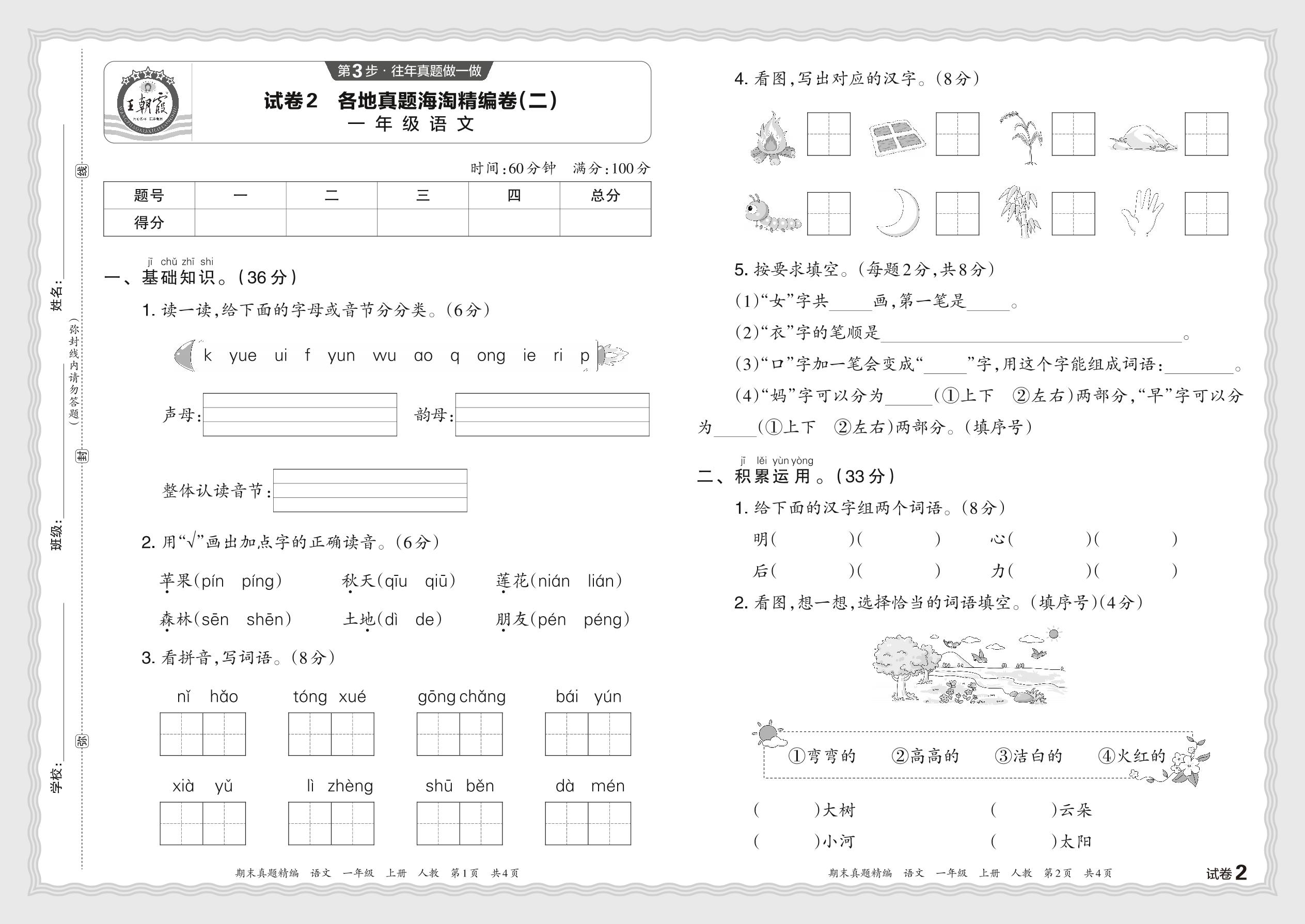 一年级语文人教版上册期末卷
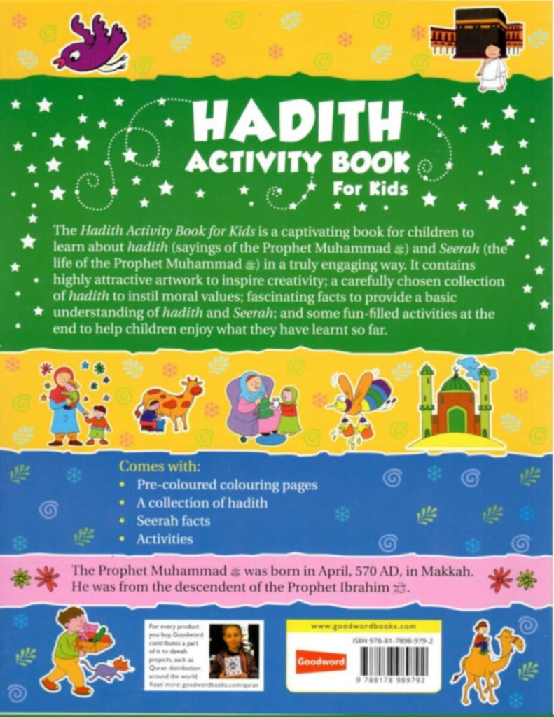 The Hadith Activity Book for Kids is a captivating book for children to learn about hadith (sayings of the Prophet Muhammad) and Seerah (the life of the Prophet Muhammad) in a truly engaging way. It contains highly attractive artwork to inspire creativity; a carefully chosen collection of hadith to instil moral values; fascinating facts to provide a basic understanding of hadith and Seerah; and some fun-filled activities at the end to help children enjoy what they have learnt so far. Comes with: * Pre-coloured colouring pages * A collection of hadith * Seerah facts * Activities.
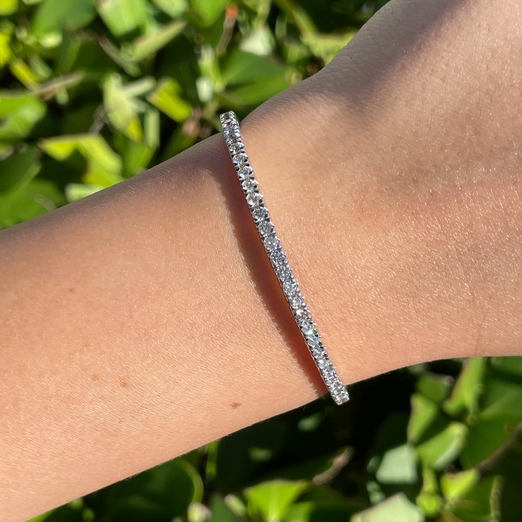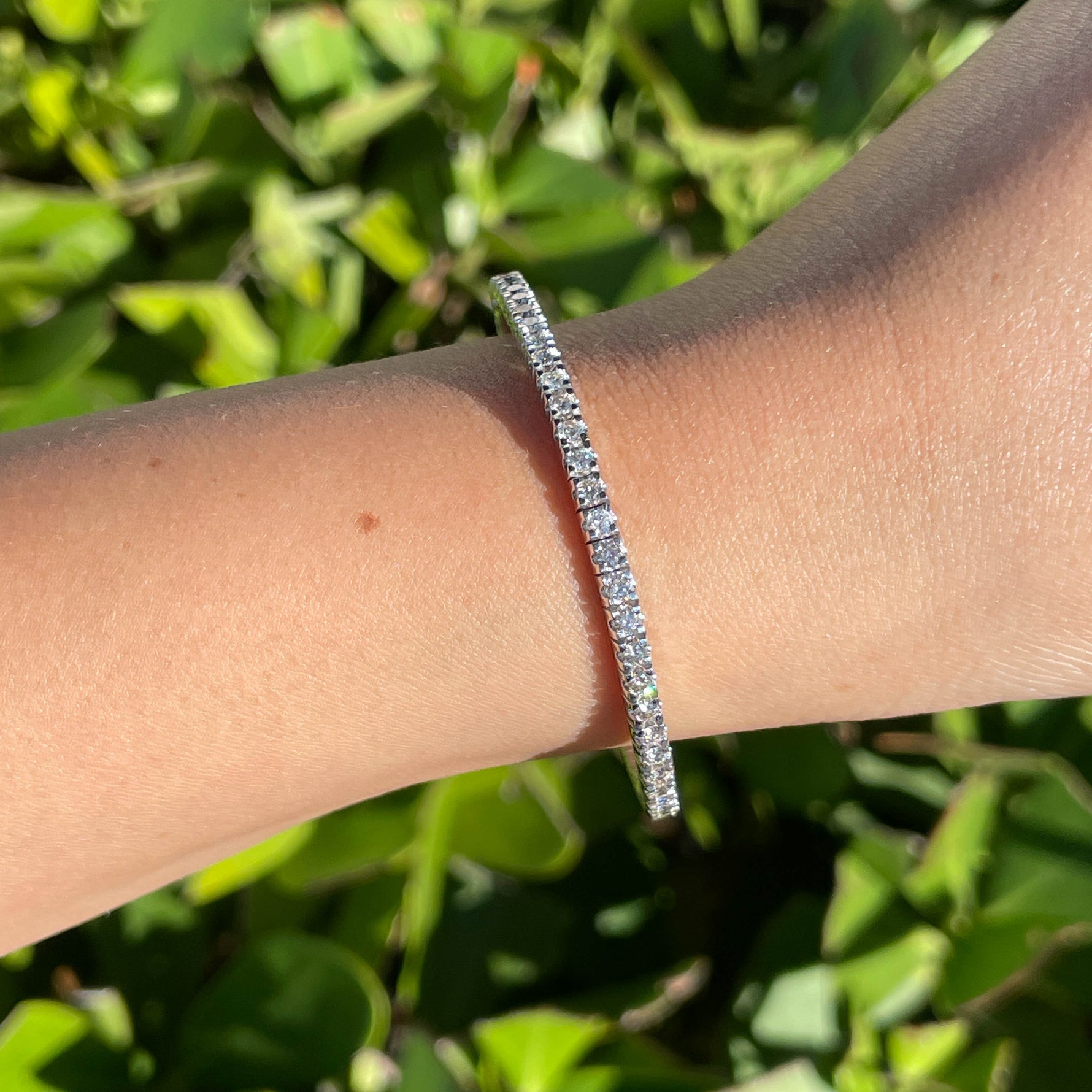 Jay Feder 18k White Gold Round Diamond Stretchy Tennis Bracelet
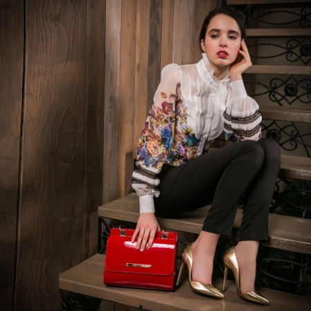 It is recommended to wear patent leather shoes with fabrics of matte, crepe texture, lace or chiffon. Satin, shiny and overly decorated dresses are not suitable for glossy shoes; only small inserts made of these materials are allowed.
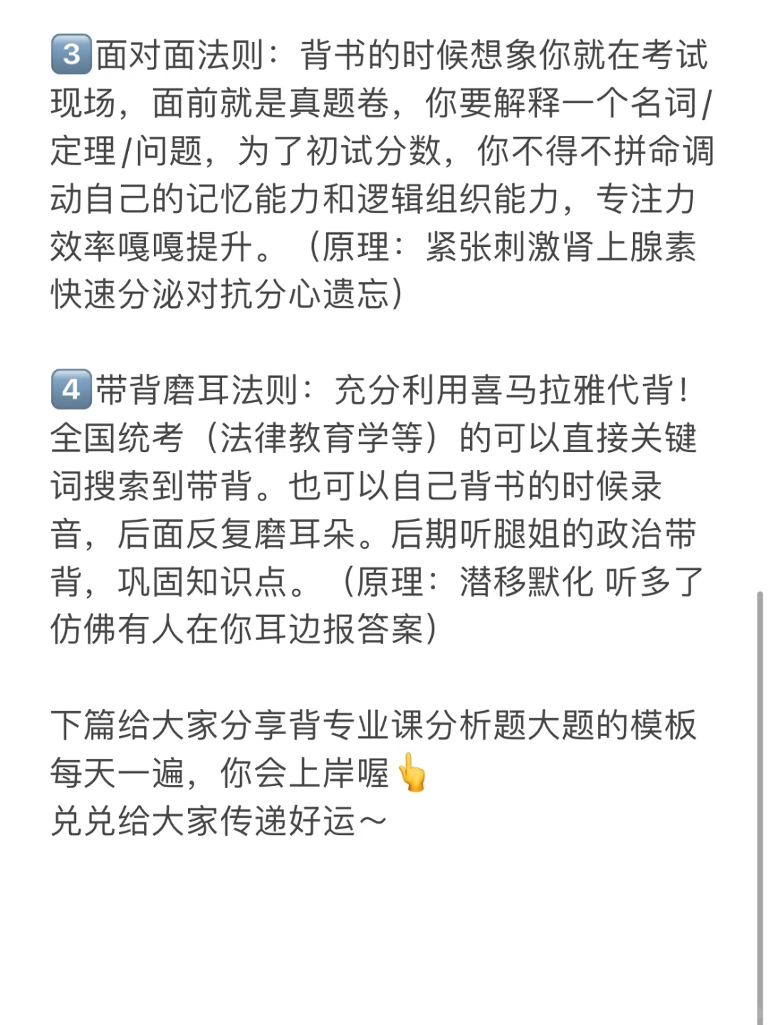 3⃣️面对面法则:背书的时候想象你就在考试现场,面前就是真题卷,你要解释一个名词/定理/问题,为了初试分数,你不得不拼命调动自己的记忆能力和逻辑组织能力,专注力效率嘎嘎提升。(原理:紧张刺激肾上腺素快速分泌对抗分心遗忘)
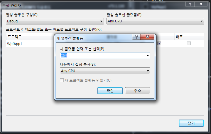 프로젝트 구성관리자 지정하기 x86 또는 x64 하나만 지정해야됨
* * *
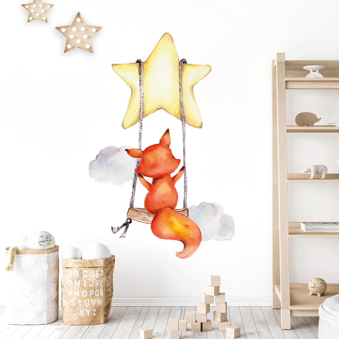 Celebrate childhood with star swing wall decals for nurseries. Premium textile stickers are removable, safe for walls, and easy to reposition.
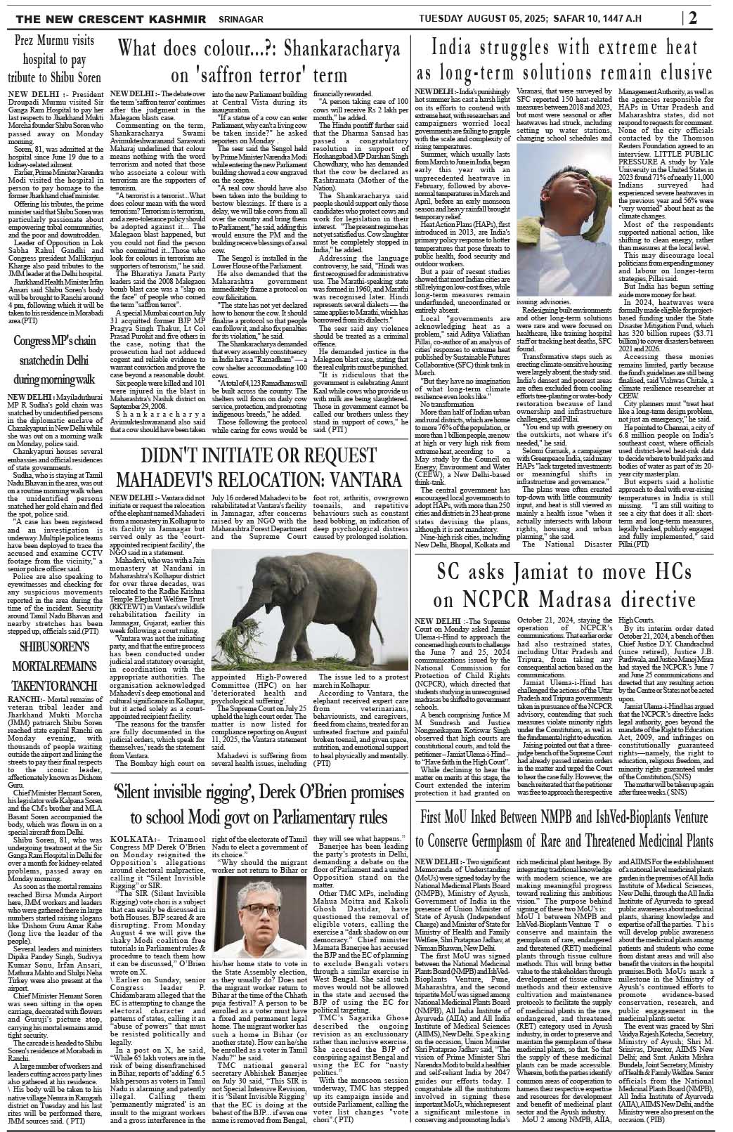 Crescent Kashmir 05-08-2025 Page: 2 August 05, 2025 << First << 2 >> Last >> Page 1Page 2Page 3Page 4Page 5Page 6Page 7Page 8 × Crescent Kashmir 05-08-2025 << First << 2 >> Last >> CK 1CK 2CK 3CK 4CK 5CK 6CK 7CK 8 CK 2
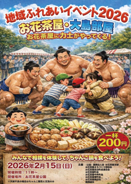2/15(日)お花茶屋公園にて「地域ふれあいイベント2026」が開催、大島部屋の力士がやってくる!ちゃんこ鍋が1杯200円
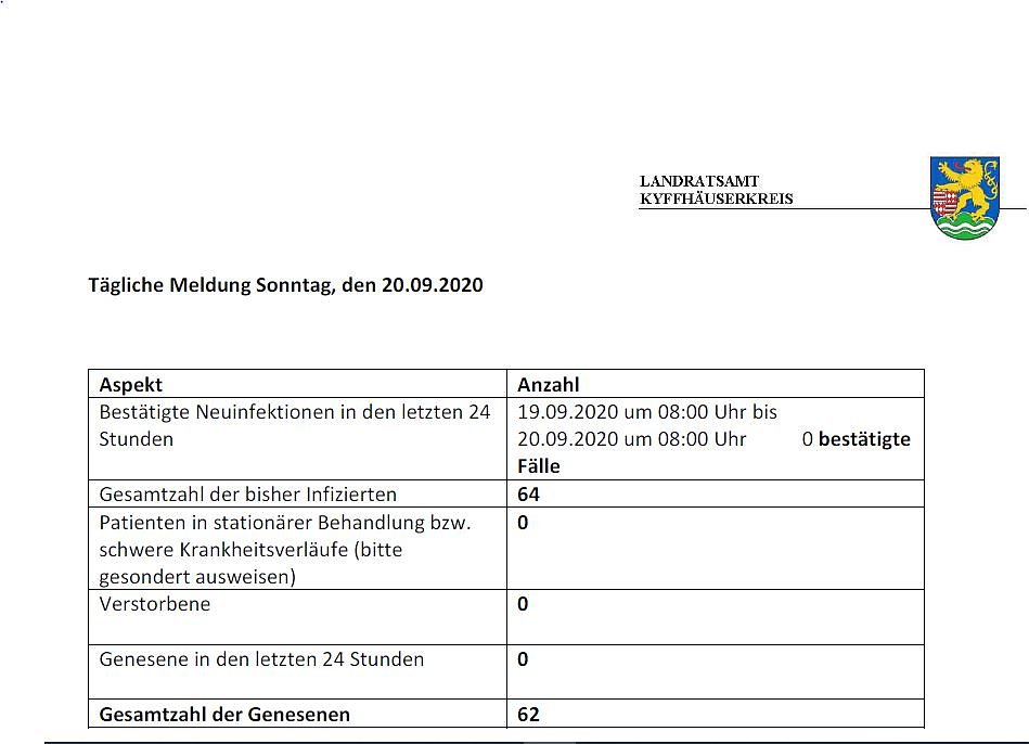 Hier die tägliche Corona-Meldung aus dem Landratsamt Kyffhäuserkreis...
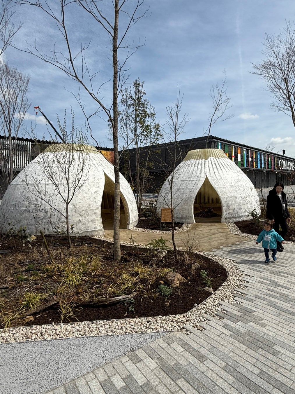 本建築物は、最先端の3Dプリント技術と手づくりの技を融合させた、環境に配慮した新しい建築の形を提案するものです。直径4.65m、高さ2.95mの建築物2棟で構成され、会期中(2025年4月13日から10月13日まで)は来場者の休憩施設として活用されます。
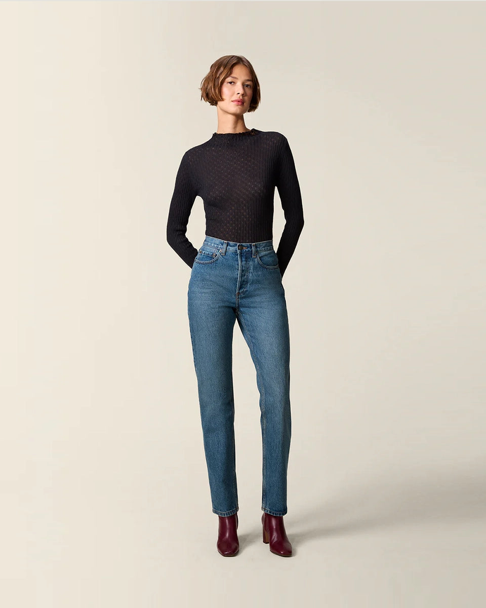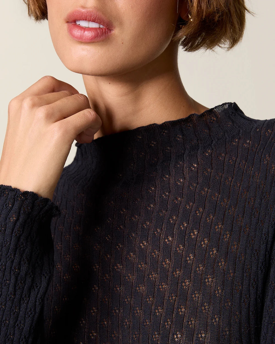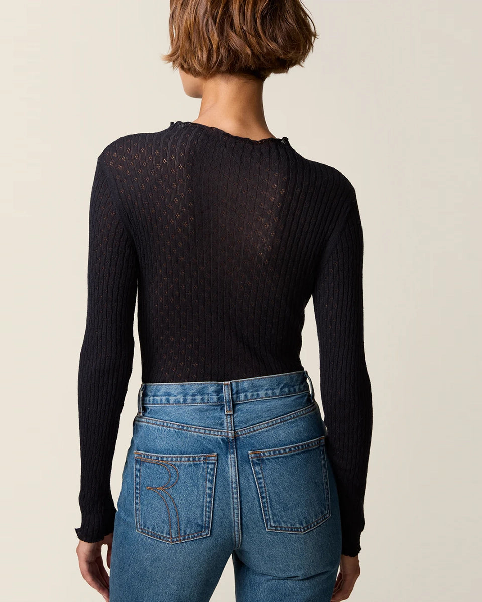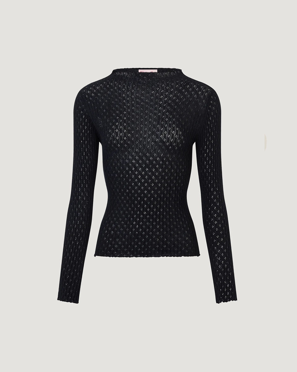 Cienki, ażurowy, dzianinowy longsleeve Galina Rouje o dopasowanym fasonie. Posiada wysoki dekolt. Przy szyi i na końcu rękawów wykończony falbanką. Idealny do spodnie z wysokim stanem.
* * *
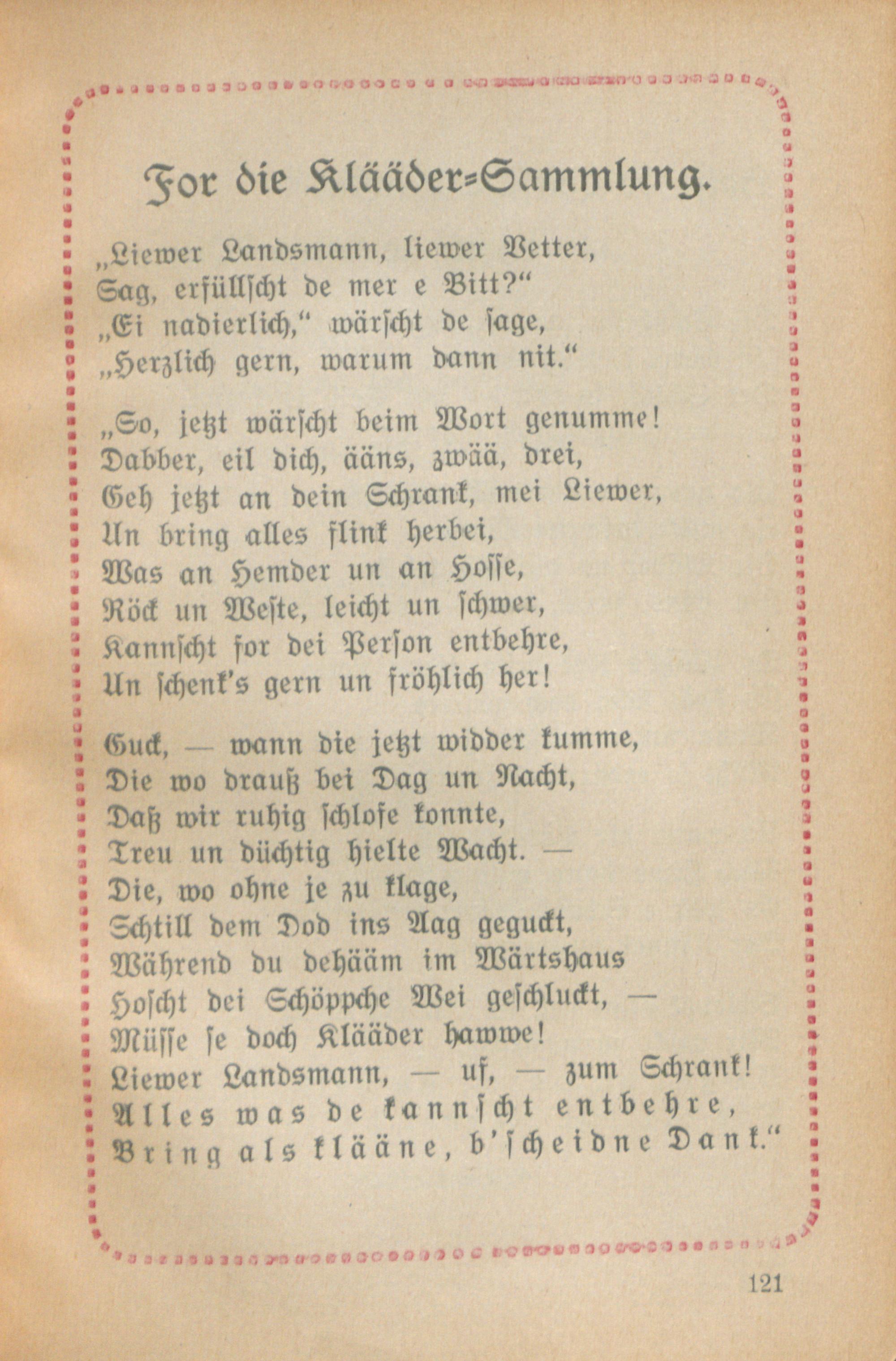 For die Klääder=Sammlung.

> _PROBLEM STATEMENT_
What you write out is the stretch of entries from the line containing "一年级语文人教版上册期末卷" to the line containing "Jay Feder 18k", word for word, with both end lines and no pictures.

> _RESPONSE BELOW_
 一年级语文人教版上册期末卷
 The Hadith Activity Book for Kids is a captivating book for children to learn about hadith (sayings of the Prophet Muhammad) and Seerah (the life of the Prophet Muhammad) in a truly engaging way. It contains highly attractive artwork to inspire creativity; a carefully chosen collection of hadith to instil moral values; fascinating facts to provide a basic understanding of hadith and Seerah; and some fun-filled activities at the end to help children enjoy what they have learnt so far. Comes with: * Pre-coloured colouring pages * A collection of hadith * Seerah facts * Activities.
 Jay Feder 18k White Gold Round Diamond Stretchy Tennis Bracelet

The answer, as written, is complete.